Roz put a hand to her chest. “Is he
cognitively delayed, or has his mouth been deformed by malnutrition and living
in a closet?”

“I—I’m not that kind of specialist.
He speaks better than a Human, for what that’s worth.”

“Is there any way we could hire a
therapist for the next leg?” Roz asked her mother. “I’d want the best. I’ll pay
out of my share.”

Deke said, “What I need to tell you
is that some of translation is implied culturally, and AIs will never fill in
the gaps. Remember how vague the editor was? Whenever something doesn’t seem to
have a cause, the cause is neutronium.” The power behind the throne.

“So these engineers wanted to
retire from the neutronium plant but knew too much?” Alyssa guessed. “Reminds
me of the tomb builders being buried with the pharaohs.”
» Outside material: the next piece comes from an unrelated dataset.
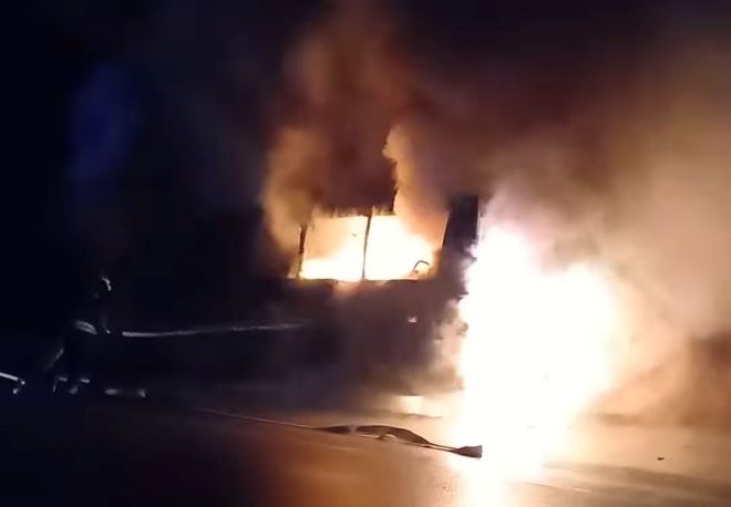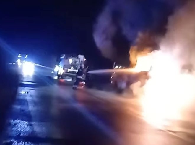 За щастие, няма пострадали хора, но ТИР-ът е унищожен напълно.

Deke shrugged. “Perhaps they merely
failed to make their quota or spilled secrets. Either way, investigating these
men would be seen as an attempt to find the source of the neutronium. That
could never be allowed.”

“We also can’t attack the
overcrowding or the unfairness without criticizing the royals.” Alyssa took the
cube from Roz and pointed at the face of the child. “This is what we
concentrate on—the children who don’t belong in prison. People could get behind
a cause like saving them, and removing them would solve a problem for the
establishment. You’re a convincing advocate for disadvantaged little ones. Your
passion will come through on camera.”

“So we go in as humanitarian aid
for the children—blankets, water filtration, and food?” Roz suggested. Her eyes
were glued to the window as they sped through a traffic circle with several
rings and two distinct levels.

Alyssa said, “Plus birth control
for the inmates and emergency evacuation in stasis for any children with severe
medical needs. You’d have an excuse for hiring that speech therapist or
nutrition expert.”

Roz did some quick math in her
head. “We could haul three or four times as many kids in the same space as the
engineers.”

“How do we get permits and funding
for all that?” asked Deke. “Let alone for this party. The guest list is over
five hundred already.”

“Ah,” Alyssa said with a smile.
“The public and politicians will give us the finances when they see the ads for
our cause. What I’m curious about is how you plan to get your ship out of that
one-way system again.”

Roz pulled up charts for the lie that
she and Echo had prepared. She didn’t want to deceive her mother, but Roz
couldn’t tell anyone else about the subbasement drive, especially not off the
ship. “We found a loophole, a gravity thread that passes through the very edge
of the Niisham system every 271 years.”

“Bull,” Alyssa replied. “The Bats
would know about that.”

“The Magi didn’t put it on the star
charts they shared. Some astronomical phenomena they kept to themselves,
especially when the Bats started using the one-way jump to dispose of trash,”
Roz explained. The thread in question passed a quarter parsec away from the
alleged target, but politicians weren’t rocket scientists. Her stomach roiled
from the high speeds and traffic weaving.

Her mother asked, “Why are the Magi
so zealous about exploring all the systems, even the unreachable ones?”
Everyone else had enough trouble managing the 80 percent of Union space that
the Turtles and Magi had explored for them.